As the turn-on current of the PMOS transistors P3 and P4 increases, the resistance ratio between the load resistors R1 and R2 decreases, and the voltage between the load resistors R1 and R2 and the PMOS transistors P3 and P4 decreases, thereby reducing power consumption. do.
Therefore, during the initial operation of the sense amplifier, it is possible to perform a sensing operation similar to that of the prior art, and when the PMOS transistors P3 and P4 are turned on to increase the current, the current is increased by the load resistors R1 and R2. Will decrease.
In this case, the characteristics of the load resistors R1 and R2 are positioned within a predetermined range so that the characteristics of the sense amplifiers may not be deteriorated.
3 is a detailed circuit diagram of a sense amplifier according to another embodiment of the present invention.
According to another embodiment of the present invention, a sense amplifier includes cross-coupled PMOS transistors P5 and P6, NMOS transistors N5 and N6, and load resistors R3 and R4.

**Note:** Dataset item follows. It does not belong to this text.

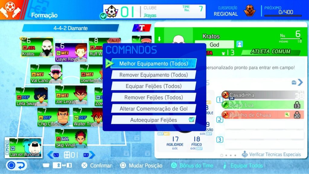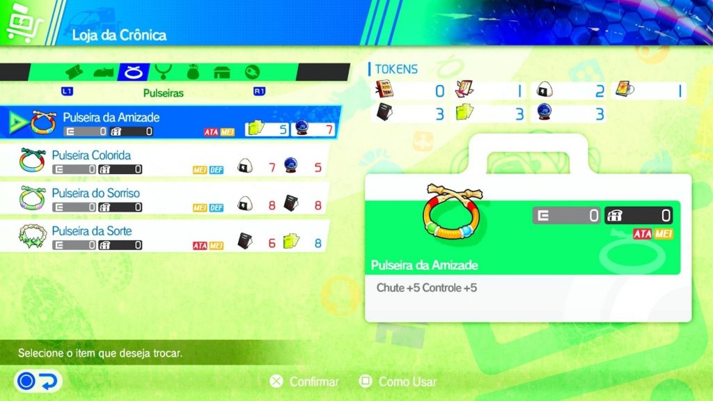 Portanto, ao completar essas tarefas, você recebe uma espécie de “cartas”, que funcionam como moeda do jogo. Elas podem ser usadas para comprar itens na loja, personalizar seu time e adquirir equipamentos, como chuteiras e pulseiras, que melhoram os atributos dos jogadores.

Here, the PMOS transistors P5 and P6 correspond to the PMOS driving parts of the latch structure, and the NMOS transistors N5 and N6 correspond to the NMOS driving parts of the latch structure.
The load resistor R3, the PMOS transistor P5 and the NMOS transistor N5 are connected in series between a supply voltage VDD and a ground voltage VSS.
The gate terminals of the PMOS transistor P5 and the NMOS transistor N5 are commonly connected to the node F of the bit line / BL.
The load resistor R4, the PMOS transistor P6, and the NMOS transistor N6 are connected in series between a power supply voltage VDD supply terminal and a ground voltage VSS application terminal.
The gate terminals of the PMOS transistor P6 and the NMOS transistor N6 are commonly connected to the node E of the bit line BL.
Here, the variable resistors Rp1 and Rp2 are shown as variable resistors Rp1 and Rp2 on the equivalent circuit, in which the PMOS transistors P5 and P6 have a characteristic of being turned on or off depending on the Vgs (gate-source voltage) condition.
An operation process of the present invention having such a configuration will now be described with reference to FIGS. 4 and 5.
First, a voltage having a minute difference is applied to a bit line BL as a sensing target node and a bit line / BL as a reference node during an initial operation of the sense amplifier.
Then, the difference between the minute voltages (or currents) applied to the bit lines BL and the bit lines / BL is represented by the PMOS transistors P5 and P6 (denoted by the variable resistors Rp1 and Rp2) and the NNMOS transistors N5 and N6 connected to the respective nodes E and F. Is applied to the pair.
At this time, the PMOS transistors P5 and P6 and the NNMOS transistors N5 and N6 pairs are different in the operating current (Iop) characteristics of the transistor due to different potential differences.
This difference proceeds in a direction in which the potential difference between the bit line BL node E and the bit line / BL node F is further increased.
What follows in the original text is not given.